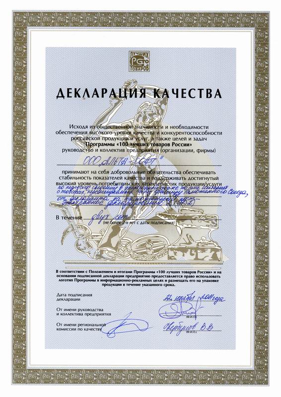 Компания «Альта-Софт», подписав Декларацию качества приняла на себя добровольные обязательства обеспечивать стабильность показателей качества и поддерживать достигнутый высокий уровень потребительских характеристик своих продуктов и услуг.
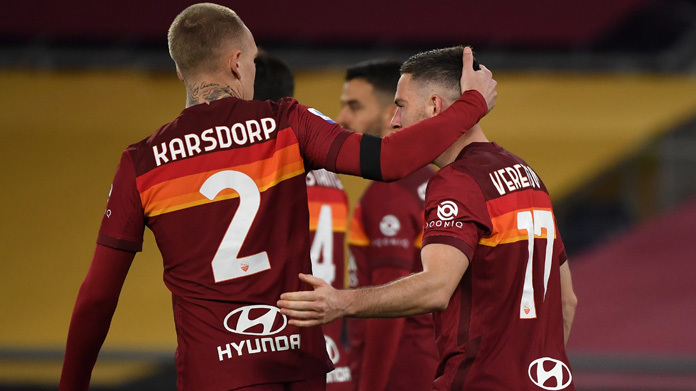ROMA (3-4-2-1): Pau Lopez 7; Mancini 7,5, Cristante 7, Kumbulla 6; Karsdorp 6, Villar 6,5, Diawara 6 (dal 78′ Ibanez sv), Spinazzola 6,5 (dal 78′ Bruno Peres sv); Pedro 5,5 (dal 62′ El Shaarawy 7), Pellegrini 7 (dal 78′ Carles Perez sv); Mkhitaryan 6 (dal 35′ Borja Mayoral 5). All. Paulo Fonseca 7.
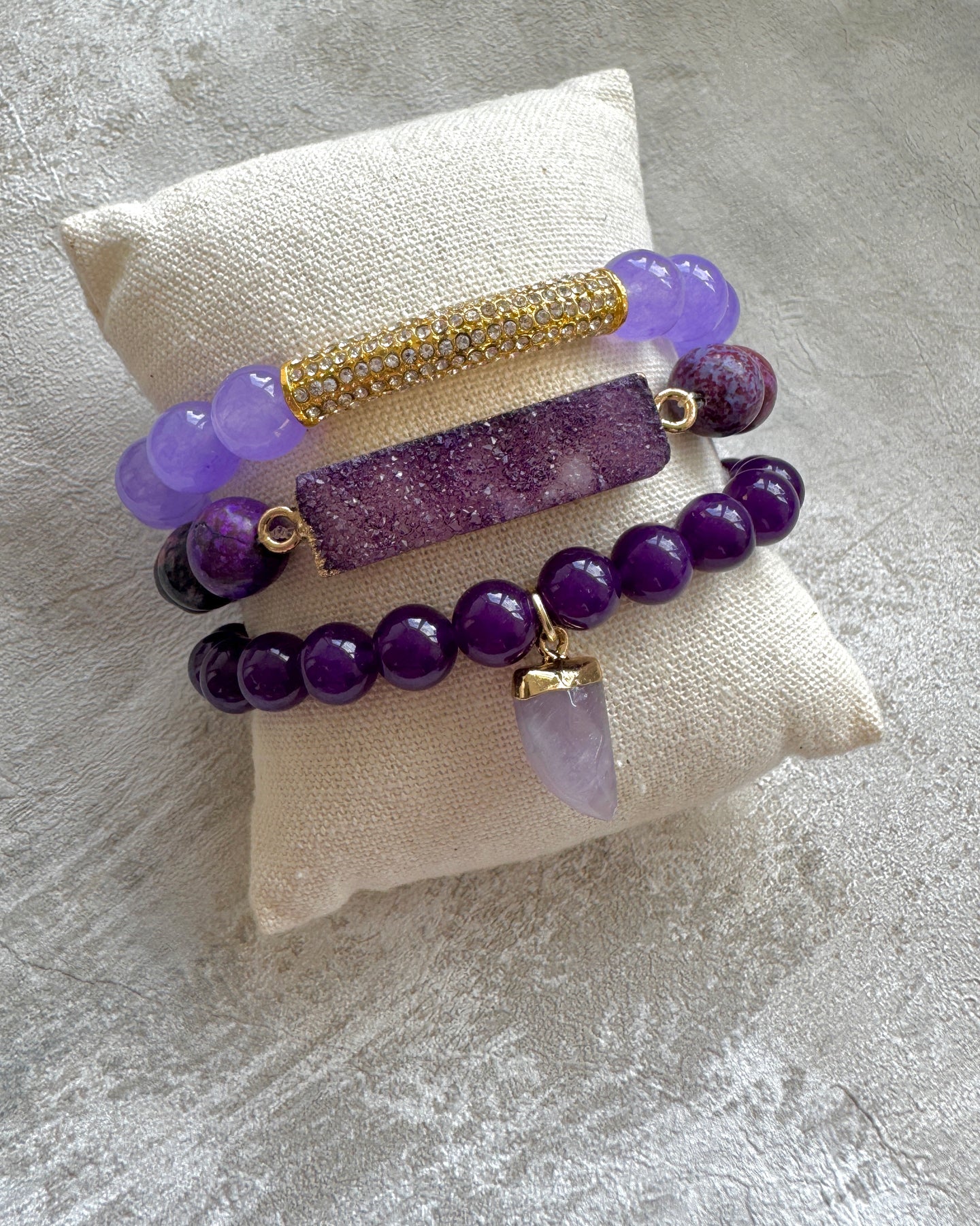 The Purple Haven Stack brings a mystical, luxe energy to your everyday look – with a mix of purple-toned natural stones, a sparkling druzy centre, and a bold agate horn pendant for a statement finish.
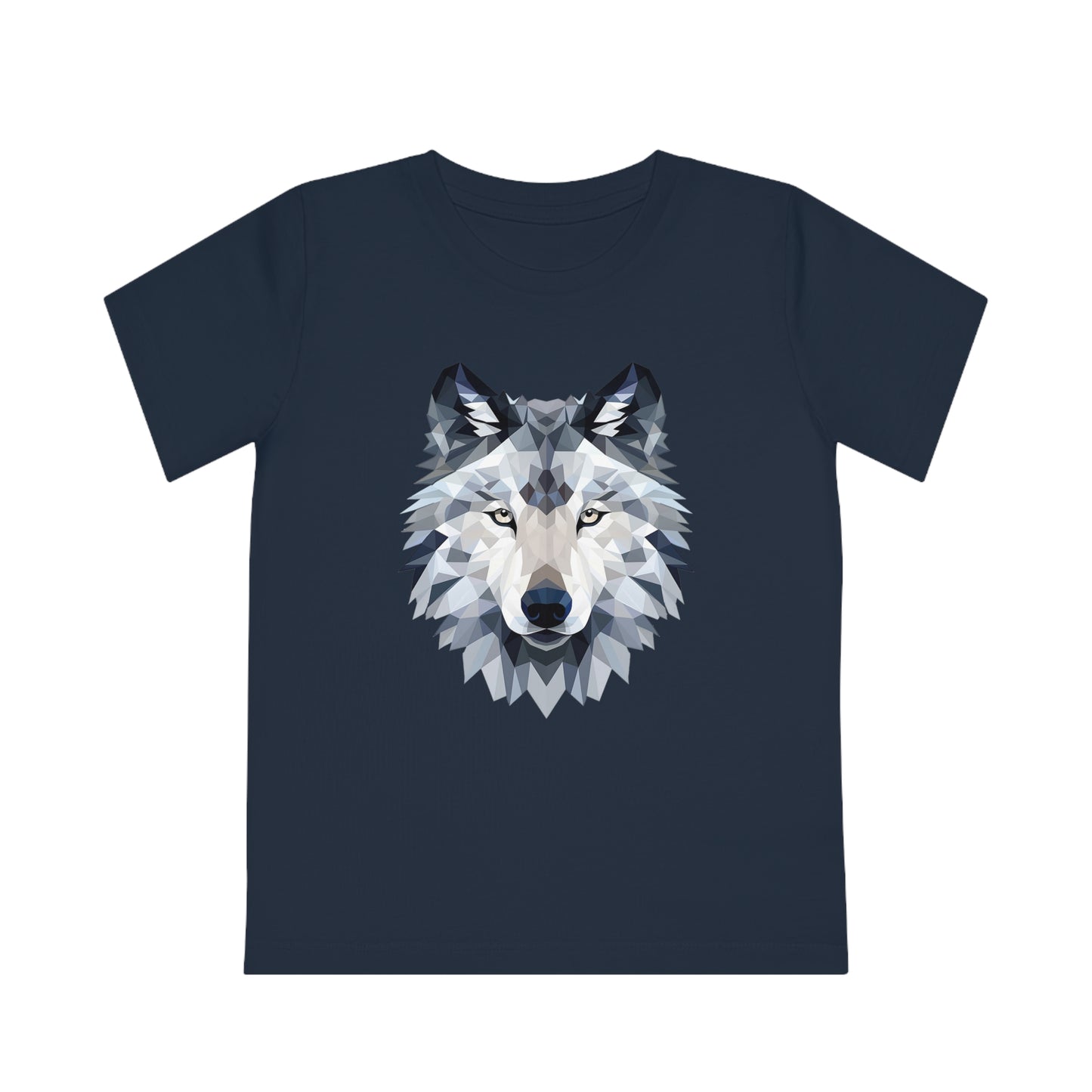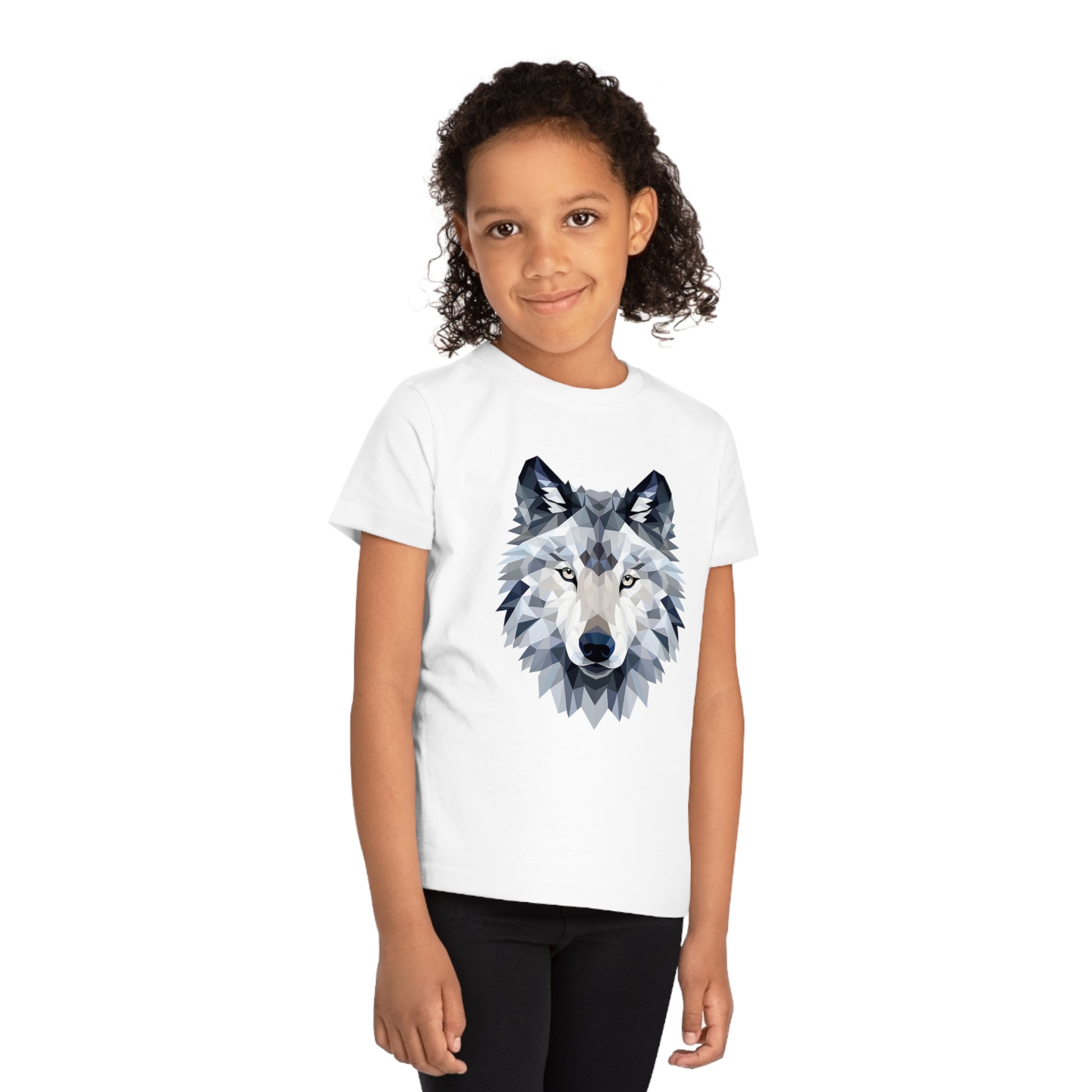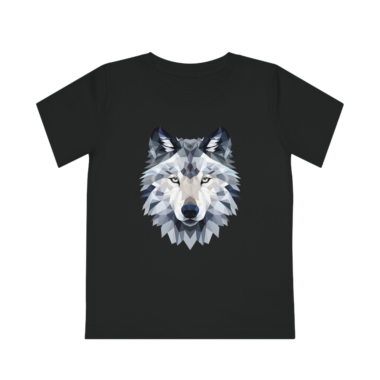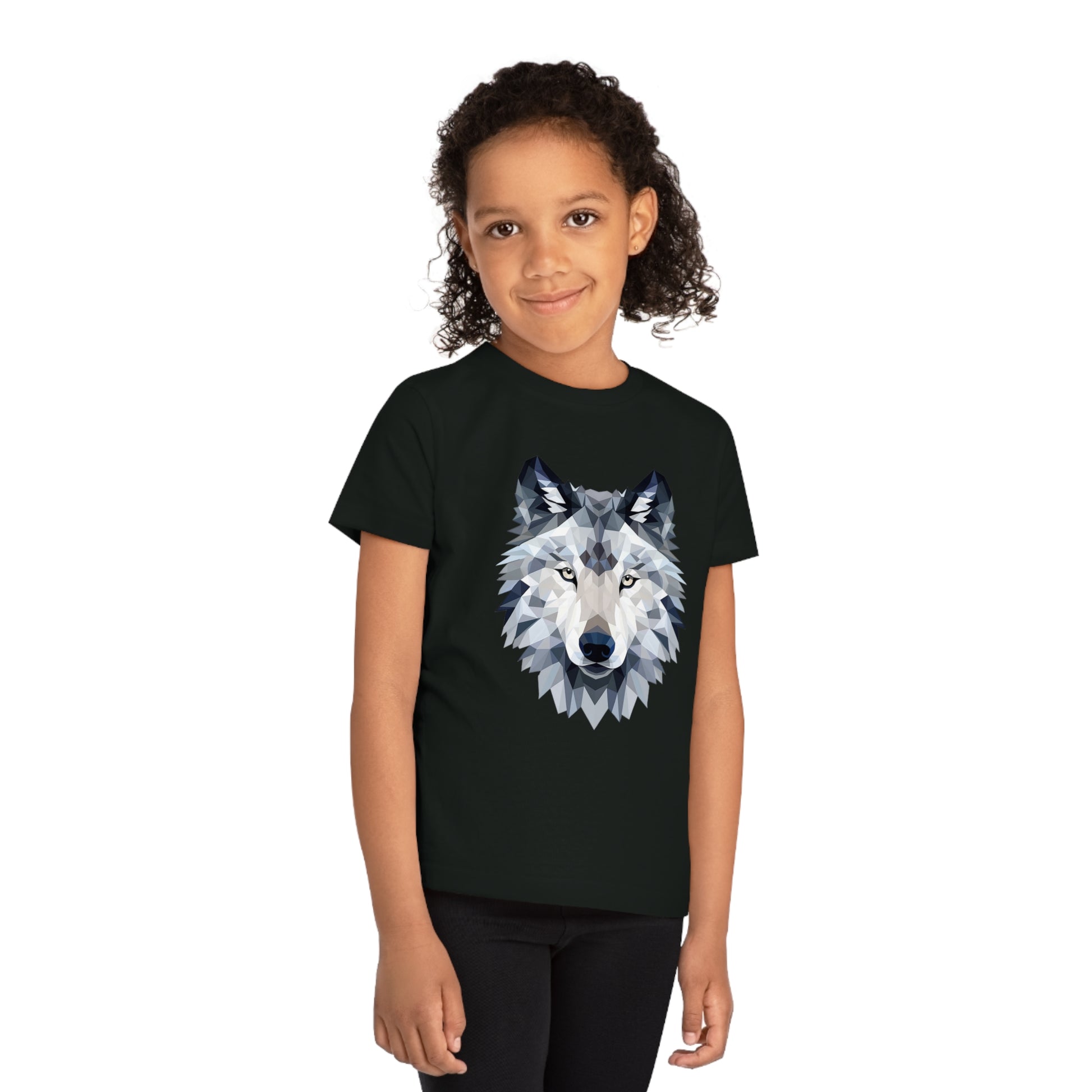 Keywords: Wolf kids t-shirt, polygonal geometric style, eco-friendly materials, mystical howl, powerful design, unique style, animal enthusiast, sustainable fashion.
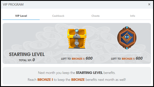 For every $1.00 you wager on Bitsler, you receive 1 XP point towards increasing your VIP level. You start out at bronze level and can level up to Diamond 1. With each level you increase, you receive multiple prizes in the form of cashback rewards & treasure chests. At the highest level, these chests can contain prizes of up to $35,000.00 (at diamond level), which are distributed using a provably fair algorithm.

◆ AIM OF THE EXERCISE ◆
The expected output is every entry above, retyped exactly, with the pictures removed.

◆ OUTPUT OF THE TASK ◆
 Компания «Альта-Софт», подписав Декларацию качества приняла на себя добровольные обязательства обеспечивать стабильность показателей качества и поддерживать достигнутый высокий уровень потребительских характеристик своих продуктов и услуг.
ROMA (3-4-2-1): Pau Lopez 7; Mancini 7,5, Cristante 7, Kumbulla 6; Karsdorp 6, Villar 6,5, Diawara 6 (dal 78′ Ibanez sv), Spinazzola 6,5 (dal 78′ Bruno Peres sv); Pedro 5,5 (dal 62′ El Shaarawy 7), Pellegrini 7 (dal 78′ Carles Perez sv); Mkhitaryan 6 (dal 35′ Borja Mayoral 5). All. Paulo Fonseca 7.
 The Purple Haven Stack brings a mystical, luxe energy to your everyday look – with a mix of purple-toned natural stones, a sparkling druzy centre, and a bold agate horn pendant for a statement finish.
 Keywords: Wolf kids t-shirt, polygonal geometric style, eco-friendly materials, mystical howl, powerful design, unique style, animal enthusiast, sustainable fashion.
 For every $1.00 you wager on Bitsler, you receive 1 XP point towards increasing your VIP level. You start out at bronze level and can level up to Diamond 1. With each level you increase, you receive multiple prizes in the form of cashback rewards & treasure chests. At the highest level, these chests can contain prizes of up to $35,000.00 (at diamond level), which are distributed using a provably fair algorithm.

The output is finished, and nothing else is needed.